Endocrine Abstracts (2008) 16 OC2.1

Analysis of early gene expression in mouse thyroid development

Caroline Hübner1, Martin Weber2, Heike Biebermann1, Bernhard Herrmann2, Annette Grüters1 & Heiko Krude1

1Institute of Experimental Pediatric Endocrinology, Charité Universitätsmedizin Berlin, Berlin, Germany; 2Max Planck Institute for Molecular Genetics, Berlin, Germany.

Background: Defective thyroid gland development occurs in 80% of congenital hypothyroidism (incidence of 1:3000–1:4000). Only <5% have been shown to be caused by molecular genetic defects in few transcription factor genes (Nkx2.1, Nkx2.5, Foxe1, Pax8, Hhex) which are known to play a role in thyroid gland development. Therefore, other genes with a critical role in early thyroid development are likely to be involved in the pathogenesis of thyroid dysgenesis.

Methods: We screened a whole-mount in situ-hybridization database for positive signals in thyroid precursor cells. This database contains the amount of about 3000 different gene probes hybridized on whole mouse embryos aged 9.5 days (E9.5). Positive probes where re- hybridized on histological slices of E 9.5 as well as E10.5, E11.5, E12.5, and E15.5. As a second method, RNA was isolated of thyroid precursor cells of 9.5 days old mouse embryos collected by lasermicrodissection. RT-PCR and sequencing was performed.

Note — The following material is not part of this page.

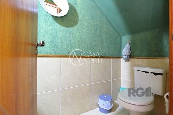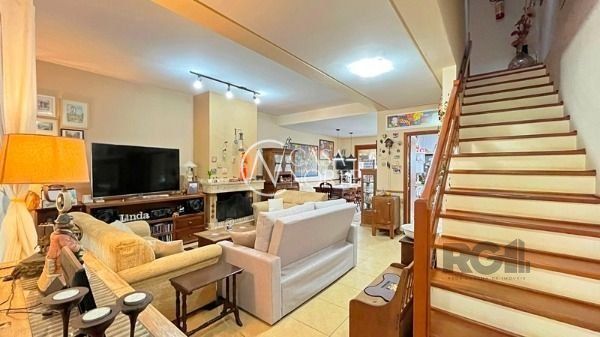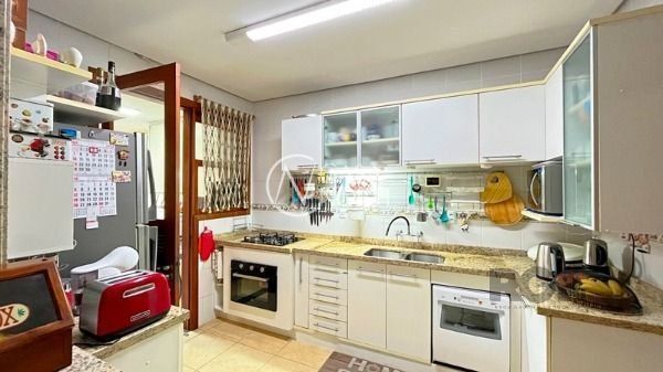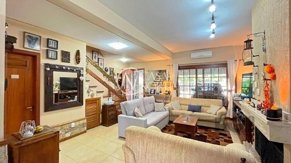 Sobrado de três pavimentos com 274 m² de área construída, garagem coberta para dois carros, ampla sala de estar com lareira de alvenaria, lavabo, sala de jantar, cozinha e área de serviço com móveis planejados. Banheiro auxiliar com chuveiro elétrico, espaço de churrasqueira com armários.
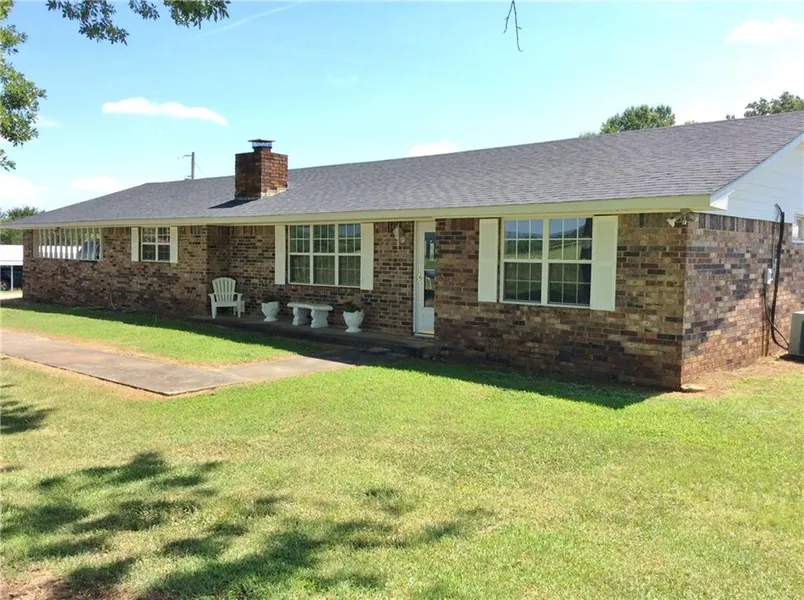 Enjoy this well maintained home with scenic views, 3 bedrooms, 2 full baths, split floor plan, spacious living room, fireplace, vinyl double-pane windows, and a new architectural shingled roof. The 40 acres m/l is fully fenced and cross fenced with a section fenced for goats. Two nice ponds for your livestock and to do a little fishing to relax. There are also two barns (one with electric), a garden shed with a roll top door with electric, a storm cellar, and a water well available for your garden.

Results: Out of 10 positive patterns, we could prove expression in thyroid precursors of 1 gene using slice hybridization. We got positive signals in thyroid precursors at stage E9.5, E12.5, E15.5. We got negative signals at stage E10.5, E11.5. This was validated by RT-PCR. A PCR product of cDNA of E9.5 thyroid precursors could be amplified and sequenced. A PCR product of surrounding tissue was also amplified, but showed a different size. There was one exon missing in the sequence of this PCR product.

Conclusion: We identified a new gene not known so far to be expressed in thyroid precursor cells. The pattern of appearance at stage E 9.5, disappearance at E10.5 and E11.5 and reappearence at E12.5 has not been described for another gene before. This may suggest a special role of the gene and its transcript in different stages of thyroid development. Furthermore the different sizes of the PCR-products (thyroid and surrounding tissue) points to the presents of thyroid precusor specific splice-variants.